• [WORK REQUEST]: Make an exact copy of all the data, pictures excluded.

• [DATA PROVIDED]:
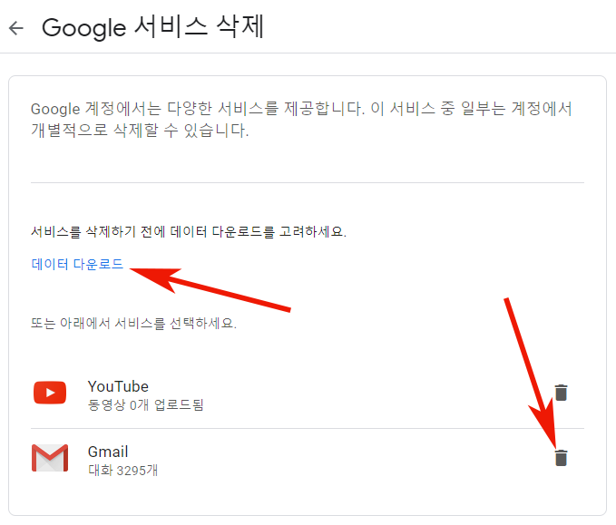 5. Google 서비스 삭제 전에 데이터 다운로드를 받아주시길 바랍니다. 백업으로 생각해주시면 됩니다. 그리고 하단의 Gmail에서 휴지통 버튼을 눌러주세요.
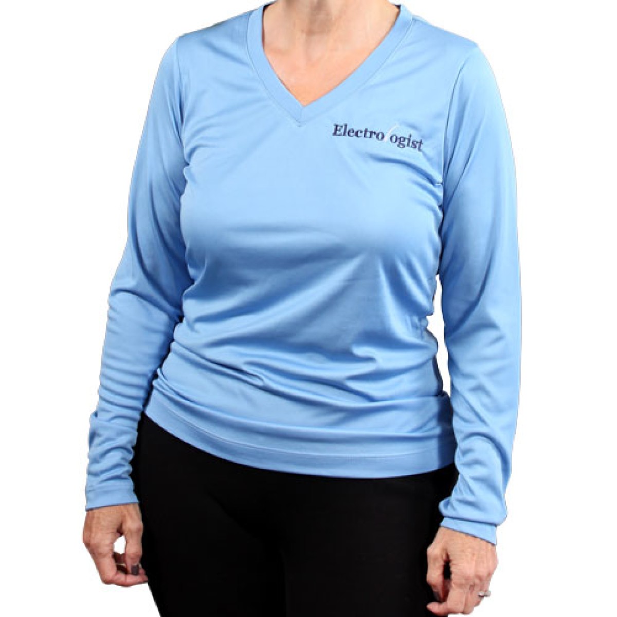 This long sleeve v-neck tee in comfortable Carolina Blue stretch polyester is a great everyday choice. The stylized "Electrologist" logo is printed in elegant black-and-white.
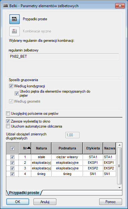 • Wybierz opcję Przypadki proste, aby dokonać obliczeń zgodnie z kombinacjami normowymi według reguł wymiarowania żelbetowych elementów konstrukcji. Znajduje się ona w pliku *.rgl w folderze CFG.

• [RESULT OF THIS EXERCISE]:
 5. Google 서비스 삭제 전에 데이터 다운로드를 받아주시길 바랍니다. 백업으로 생각해주시면 됩니다. 그리고 하단의 Gmail에서 휴지통 버튼을 눌러주세요.
 This long sleeve v-neck tee in comfortable Carolina Blue stretch polyester is a great everyday choice. The stylized "Electrologist" logo is printed in elegant black-and-white.
 • Wybierz opcję Przypadki proste, aby dokonać obliczeń zgodnie z kombinacjami normowymi według reguł wymiarowania żelbetowych elementów konstrukcji. Znajduje się ona w pliku *.rgl w folderze CFG.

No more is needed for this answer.